Capillary Action So Embarrassing

[Pangaea; 2007]

Styles: prog rock, math rock, metal
Others: Mr. Bungle, Mike Patton, Extra Life

A lot of erudite rockers sound like David Longstreth these days, and Capillary Action’s Jonathan Pfeffer is no exception. But that’s not a bad thing, because the world could do with many more tasteful virtuosos. Although far from The Dirty Projectors in delivery, Capillary Action’s second album, So Embarrassing, walks the line between good songwriting and good noise, and, even at its most raucous, it's more enjoyable than one would first imagine.

Highlights include “Elevator Fuck” and “Paperweights,” which are not coincidentally the thinnest texturally on the album. The former sounds like an unreleased Stereolab B-side for which Björk wrote string parts, while the latter’s Latin harmonies are carried by Pfeffer’s best vocal performance on the album. These two tracks are especially inspiring examples of how polyrhythm and dissonance can synthesize intense emotion and aren’t forced in their musical intelligence.
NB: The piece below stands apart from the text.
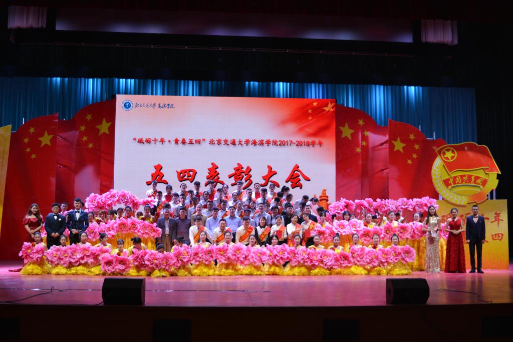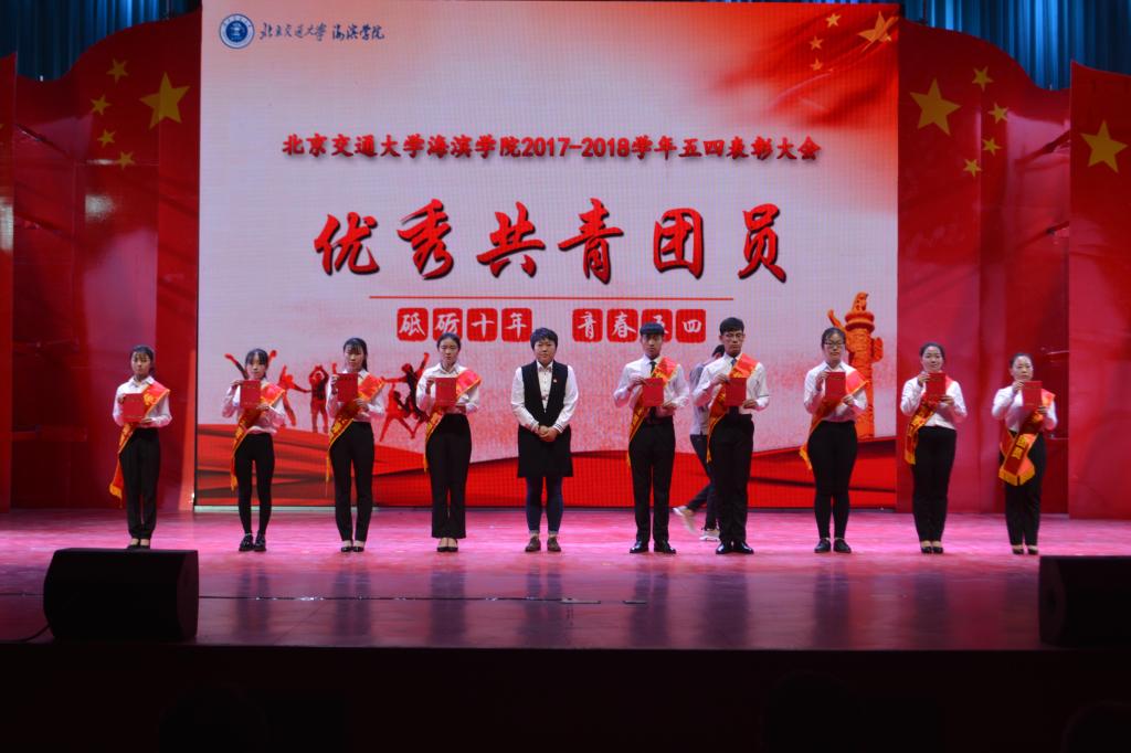 党委书记魏旺强为获得2017-2018学年北京交通大学海滨学院“五四红旗团委”的获奖集体颁奖

Like any band unafraid to flex their chops, however, Capillary Action occasionally forego song structure in favor of progressive rock’s biggest follies: those random swing or metal sections that do nothing to advance the composition. But these pieces, such as “Pocket Protection Is Essential,” are forgivable in comparison to the whole album. Between the beautiful songs and prog clichés come tracks like “Father of Mine,” which jumps between grandiose strings and empty space on a dime. “Father of Mine” may be the epitomical Capillary Action song, with congruence, dissonance, and an unforeseeable turn into the next track. That this approach has been tried again and again is admirably not a barrier for Pfeffer, whose focus on original album structure is visible only after repeated listens.

Pfeffer’s textural composing is as developed as it is scholarly, but this may or may not suit your tastes. And Capillary Action could benefit from a stronger sense of melody; the melodies on this album are often forgettable over the frequently ingenious backgrounds. While Pfeffer’s lyrics are engaging, they're sometimes inaccessible in delivery. Despite this, So Embarrassing is an interesting personal take on prog rock’s roots, and therefore quite a step in the right direction.

[Full disclosure: Jonathan Pfeffer is a former TMT contributor.]